I started chuckling as I recalled his part of the story in preparing for this sermon. Forgiveness is always a controversial thing is it not? Something that is really easy to say, but so much harder to do. Other people always have opinions. Did you really forgive that person? Why did you forgive him? Why are you having such a hard time forgiving her? Friends, have you been there? Have you known the struggles with forgiveness in your own life? Does it make you a little more sympathetic to these good-church going people?
But Jesus did say that this man’s sins were forgiven. Then he healed his body and told him to stand up in walk. 
Friends, do not be confused. This man was not sick because he had sinned. When we think that is what Jesus is saying here it can lead us to judge others in our lives who are ill or to ask why God caused illness in our own life. Instead, through this man, Jesus showed exactly why he came - to bring hope. To heal. To forgive sin. To bind up the broken hearted. And friends, the exact things Jesus showed us through this man is what the world is still in need of today. 
The question is how far are we willing to go to be bearers of that hope, friends. Are we willing to be a community of faith like those friends, who will do anything? How are we as a people of faith bearing the hope of Jesus in the world?
Today is a special day in the life of the church. It’s Baptism of the Lord Sunday, when we remember the day that Jesus was baptized by John. We remember because that story is directly connected to the day we were baptized, when we found our identity in Christ. 
For the paralytic man, he went from being sick to healed, because of Jesus. 
For Levi, he went from probably being called awful names and known only as a tax collector, to being a disciples. 
For you and me, we went from what the world said about us, to what Jesus says about us, that we are his beloved who are bearers of his name - Christ. 
But sometimes friends, we need a space to remember that. We need a space to remember the convents that we are part of, whether we were baptized when we were a child or as and adult. Whether we took vows of confirmation of that baptismal covenant as a teen or as an adult. We need a space to remember again who Christ says that we are. 
So we are going to take time in a moment to do just that. This is not a re-baptism, because the God’s grace and cleansing that met you in your baptism, friends that keeps going. God does not screw up. I love how the United Methodist’s website puts it, “Because baptism is a sacrament of God’s grace and a covenant that God has initiated, it should not be repeated. However, God’s continuing and patient forgiveness, God’s prevenient grace, will prompt us to renew the commitment first made at our baptism.”
But when we remember our baptism. We remember who Christ says that we are. That we have our identity in him. That he says that we are his. 

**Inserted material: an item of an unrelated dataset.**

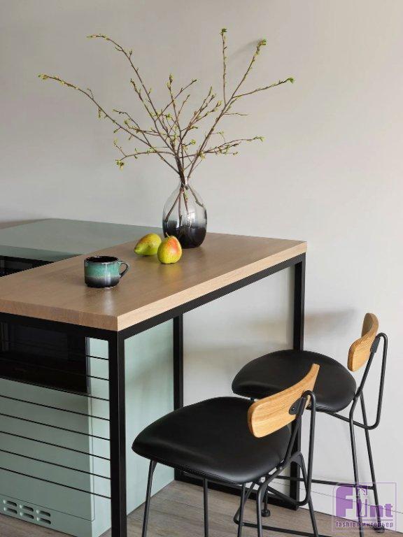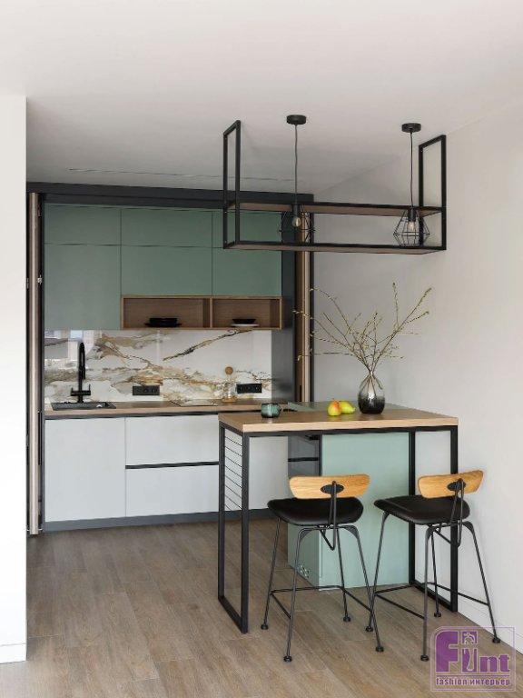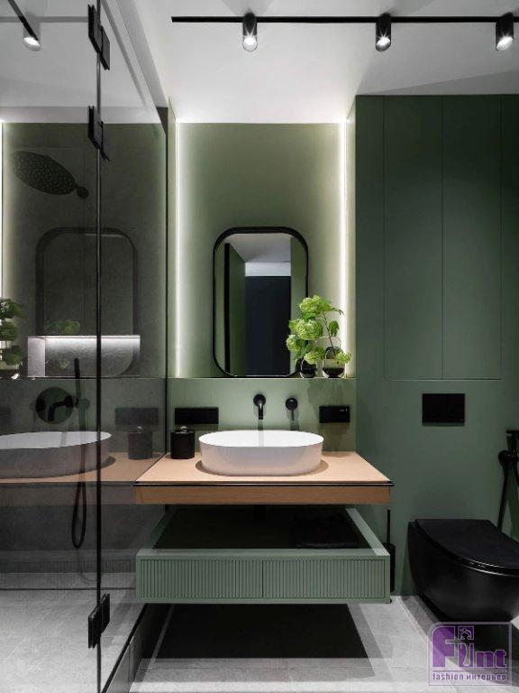 В интерьере решили придерживаться минимализма, поэтому для отделки выбрали достаточно простые материалы. На стенах — краска. На полу — инженерная доска (даже на кухне и в прихожей). Фартук кухни оформлен крупноформатным керамогранитом под мрамор с коричневыми и жёлтыми прожилками. Основной цвет стен — белый, но акценты в виде светлого зелёного введены в мебели. В ванной комнате зелёный раскрылся на максимум. Зелёная краска на стенах в этом помещении сочетается с серой плиткой под бетон в зоне душа и на полу.
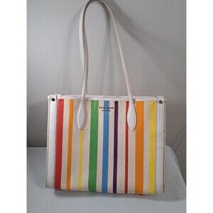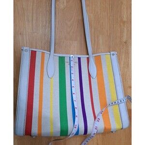Kate Spade Rainbow Medium Market Tote Linen Canvas & Leather

And we remember the vows that we have taken. The vow to help each other uphold our baptismal covenant. The renouncing of sin and belief in forgiveness. And we remember what comes next - that we promise to support the church with our prayers, presence, gifts, service and witness. 

Friends, if you need to remember who you are - come, the waters are ready. If you need to remember what you promised - come, and find refreshment. If you need to hear anew today that you are forgiven, come - Jesus is waiting. Friends, will you come? Amen.